» **What is required**: Write out the data exactly, please, and omit the pictures.

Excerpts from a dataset

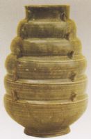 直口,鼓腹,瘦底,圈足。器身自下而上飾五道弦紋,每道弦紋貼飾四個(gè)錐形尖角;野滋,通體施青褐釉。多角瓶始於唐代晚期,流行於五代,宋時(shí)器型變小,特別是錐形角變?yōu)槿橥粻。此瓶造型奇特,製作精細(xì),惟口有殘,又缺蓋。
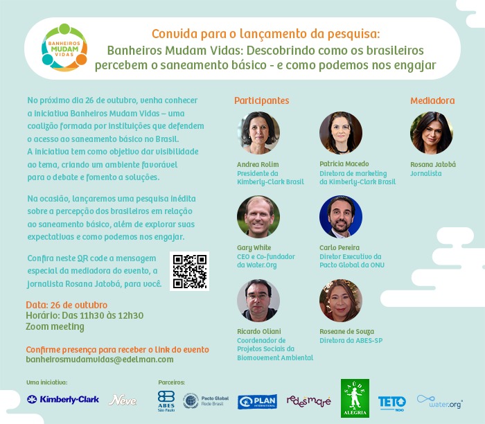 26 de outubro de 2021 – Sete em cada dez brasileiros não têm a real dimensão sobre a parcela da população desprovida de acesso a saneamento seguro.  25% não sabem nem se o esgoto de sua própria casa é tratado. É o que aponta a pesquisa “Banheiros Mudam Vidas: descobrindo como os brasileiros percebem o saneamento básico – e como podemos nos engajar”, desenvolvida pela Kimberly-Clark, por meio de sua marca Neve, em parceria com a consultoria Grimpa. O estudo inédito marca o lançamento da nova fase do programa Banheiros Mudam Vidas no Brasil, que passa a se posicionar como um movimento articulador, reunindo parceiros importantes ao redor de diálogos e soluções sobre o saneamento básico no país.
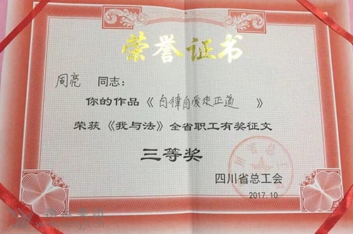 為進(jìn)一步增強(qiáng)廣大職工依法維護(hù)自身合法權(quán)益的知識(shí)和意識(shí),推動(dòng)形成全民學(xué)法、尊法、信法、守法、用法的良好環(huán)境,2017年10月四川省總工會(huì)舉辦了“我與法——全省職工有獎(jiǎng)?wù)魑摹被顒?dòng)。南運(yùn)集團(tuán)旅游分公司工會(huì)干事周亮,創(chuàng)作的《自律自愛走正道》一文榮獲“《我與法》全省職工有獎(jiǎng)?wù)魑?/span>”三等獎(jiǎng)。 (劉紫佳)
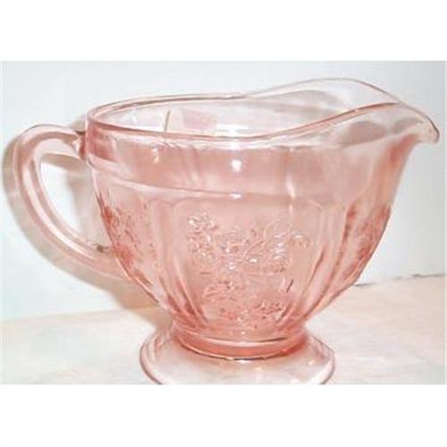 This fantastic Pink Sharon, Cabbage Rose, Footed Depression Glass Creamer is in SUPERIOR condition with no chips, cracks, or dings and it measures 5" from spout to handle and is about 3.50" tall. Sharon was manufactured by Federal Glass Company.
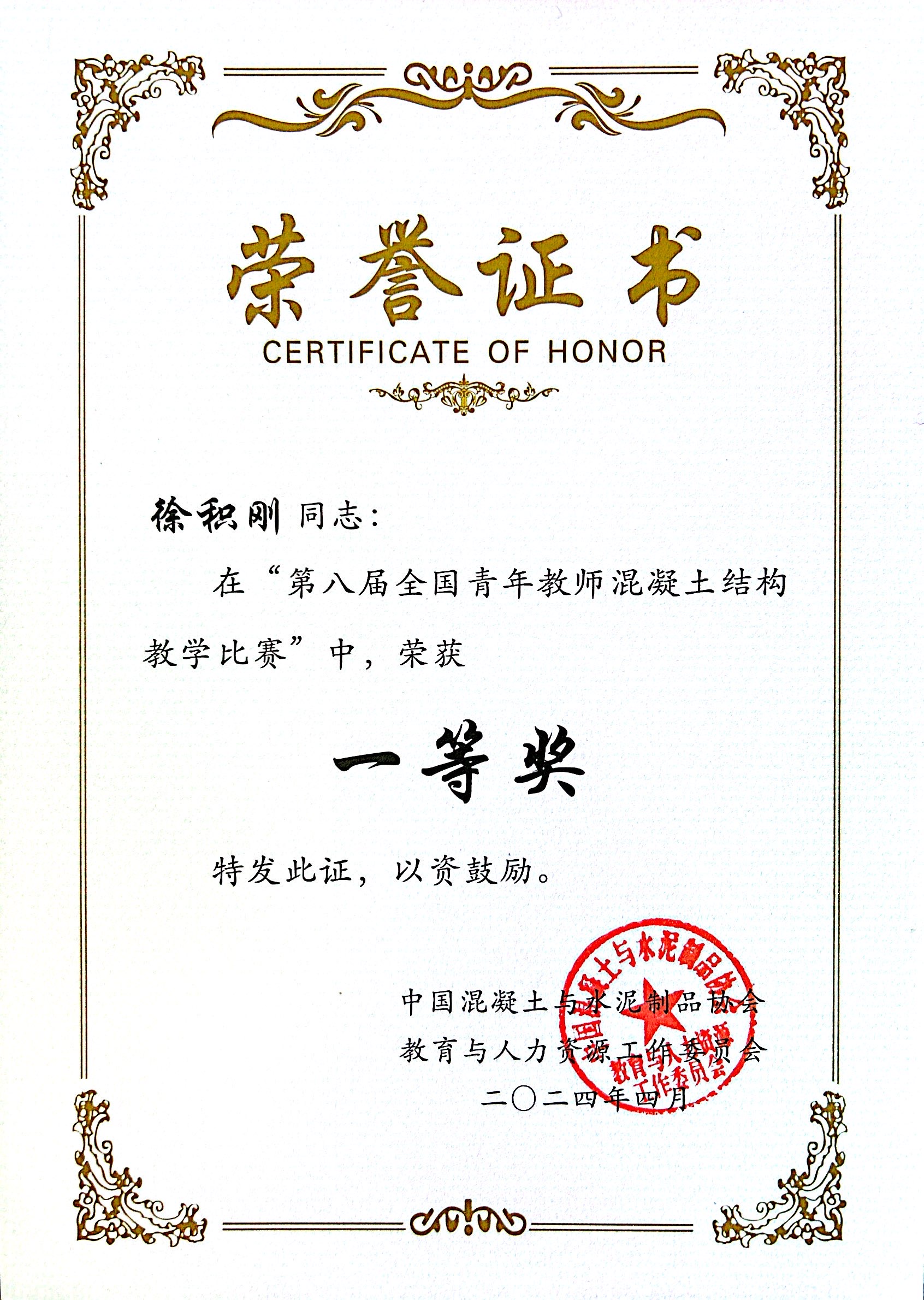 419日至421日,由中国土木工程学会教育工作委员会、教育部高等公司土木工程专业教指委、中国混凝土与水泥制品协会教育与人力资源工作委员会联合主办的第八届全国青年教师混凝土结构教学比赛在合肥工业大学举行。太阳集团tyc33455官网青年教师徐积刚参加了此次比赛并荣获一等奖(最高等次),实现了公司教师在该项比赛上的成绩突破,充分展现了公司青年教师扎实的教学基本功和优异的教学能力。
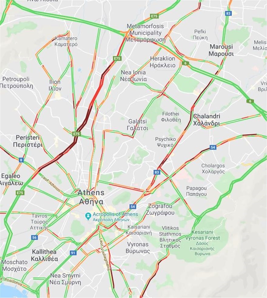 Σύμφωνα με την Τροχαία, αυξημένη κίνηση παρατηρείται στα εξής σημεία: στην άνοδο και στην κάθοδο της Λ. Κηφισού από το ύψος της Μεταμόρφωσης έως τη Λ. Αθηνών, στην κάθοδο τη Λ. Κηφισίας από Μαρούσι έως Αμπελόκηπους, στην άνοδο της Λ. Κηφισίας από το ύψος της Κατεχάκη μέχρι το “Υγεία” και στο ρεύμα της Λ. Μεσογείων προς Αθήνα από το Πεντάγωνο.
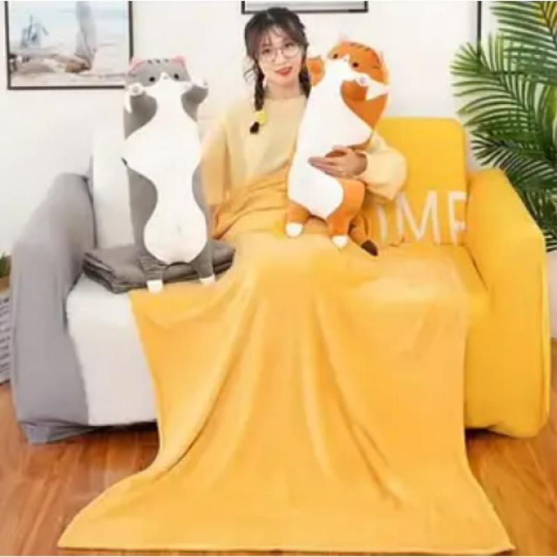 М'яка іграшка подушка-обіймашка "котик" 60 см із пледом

» **Response area**:
 直口,鼓腹,瘦底,圈足。器身自下而上飾五道弦紋,每道弦紋貼飾四個(gè)錐形尖角;野滋,通體施青褐釉。多角瓶始於唐代晚期,流行於五代,宋時(shí)器型變小,特別是錐形角變?yōu)槿橥粻。此瓶造型奇特,製作精細(xì),惟口有殘,又缺蓋。
 26 de outubro de 2021 – Sete em cada dez brasileiros não têm a real dimensão sobre a parcela da população desprovida de acesso a saneamento seguro.  25% não sabem nem se o esgoto de sua própria casa é tratado. É o que aponta a pesquisa “Banheiros Mudam Vidas: descobrindo como os brasileiros percebem o saneamento básico – e como podemos nos engajar”, desenvolvida pela Kimberly-Clark, por meio de sua marca Neve, em parceria com a consultoria Grimpa. O estudo inédito marca o lançamento da nova fase do programa Banheiros Mudam Vidas no Brasil, que passa a se posicionar como um movimento articulador, reunindo parceiros importantes ao redor de diálogos e soluções sobre o saneamento básico no país.
 為進(jìn)一步增強(qiáng)廣大職工依法維護(hù)自身合法權(quán)益的知識(shí)和意識(shí),推動(dòng)形成全民學(xué)法、尊法、信法、守法、用法的良好環(huán)境,2017年10月四川省總工會(huì)舉辦了“我與法——全省職工有獎(jiǎng)?wù)魑摹被顒?dòng)。南運(yùn)集團(tuán)旅游分公司工會(huì)干事周亮,創(chuàng)作的《自律自愛走正道》一文榮獲“《我與法》全省職工有獎(jiǎng)?wù)魑?/span>”三等獎(jiǎng)。 (劉紫佳)
 This fantastic Pink Sharon, Cabbage Rose, Footed Depression Glass Creamer is in SUPERIOR condition with no chips, cracks, or dings and it measures 5" from spout to handle and is about 3.50" tall. Sharon was manufactured by Federal Glass Company.
 419日至421日,由中国土木工程学会教育工作委员会、教育部高等公司土木工程专业教指委、中国混凝土与水泥制品协会教育与人力资源工作委员会联合主办的第八届全国青年教师混凝土结构教学比赛在合肥工业大学举行。太阳集团tyc33455官网青年教师徐积刚参加了此次比赛并荣获一等奖(最高等次),实现了公司教师在该项比赛上的成绩突破,充分展现了公司青年教师扎实的教学基本功和优异的教学能力。
 Σύμφωνα με την Τροχαία, αυξημένη κίνηση παρατηρείται στα εξής σημεία: στην άνοδο και στην κάθοδο της Λ. Κηφισού από το ύψος της Μεταμόρφωσης έως τη Λ. Αθηνών, στην κάθοδο τη Λ. Κηφισίας από Μαρούσι έως Αμπελόκηπους, στην άνοδο της Λ. Κηφισίας από το ύψος της Κατεχάκη μέχρι το “Υγεία” και στο ρεύμα της Λ. Μεσογείων προς Αθήνα από το Πεντάγωνο.
 М'яка іграшка подушка-обіймашка "котик" 60 см із пледом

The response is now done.